A Bayesian superintelligence, hooked up to a webcam, would invent General Relativity as a hypothesis—perhaps not the dominant hypothesis, compared to Newtonian mechanics, but still a hypothesis under direct consideration—by the time it had seen the third frame of a falling apple. It might guess it from the first frame, if it saw the statics of a bent blade of grass.
Given the lack of necessary experimental data (speed of light being constant and mass-independence of free fall), I suspect that the required power of this “Bayesian superintelligence” throwing oodles of Solomonoff induction at the problem would result in such a superintelligence spawning a UFAI more powerful than this “superintelligence” and killing it in the process.
To quote EY:
Solomonoff induction, taken literally, would create countably infinitely many sentient beings, trapped inside the computations. All possible computable sentient beings, in fact. Which scarcely seems ethical. So let us be glad this is only a formalism.

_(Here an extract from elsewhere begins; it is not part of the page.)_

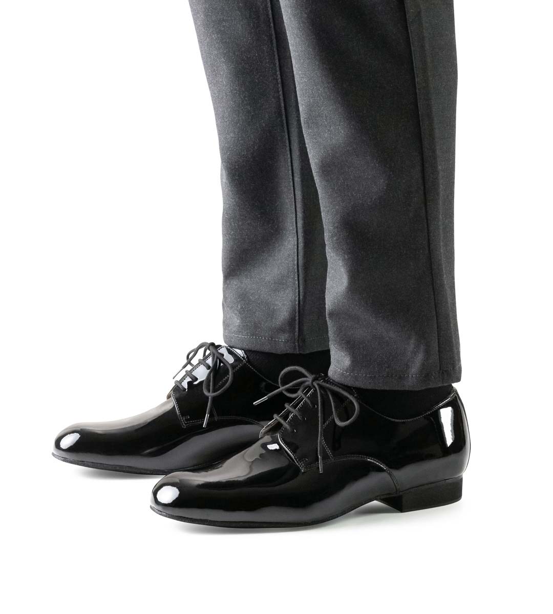 El cuidado de los zapatos de charol para baile es similar al de los zapatos de calle normales. Primero, elimine cuidadosamente la suciedad gruesa con un paño o cepillo. Después de seis a diez usos, se debe aplicar un poco de pulidor o producto de cuidado para charol. Este debe extenderse en una capa delgada sobre el zapato con una esponja suave y dejarse actuar durante unos 30 minutos. Luego, límpielo con un paño. - Brocatel

What are the odds of them staying inside the computation?
Given the lack of necessary experimental data (speed of light being constant and mass-independence of free fall), I suspect that the required power of this “Bayesian superintelligence” throwing oodles of Solomonoff induction at the problem would result in such a superintelligence spawning a UFAI more powerful than this “superintelligence” and killing it in the process.
To quote EY:
What are the odds of them staying inside the computation?
Meta-computations would arise inside. Into which will some of those upload themselves. And meta-meta and so on. On the expense of slowing down.
Can they come here? Entirely depends if we have a hardware connection to that machine, which runs said process.
Anyway, some of us are already here, no matter of this SI runs or not.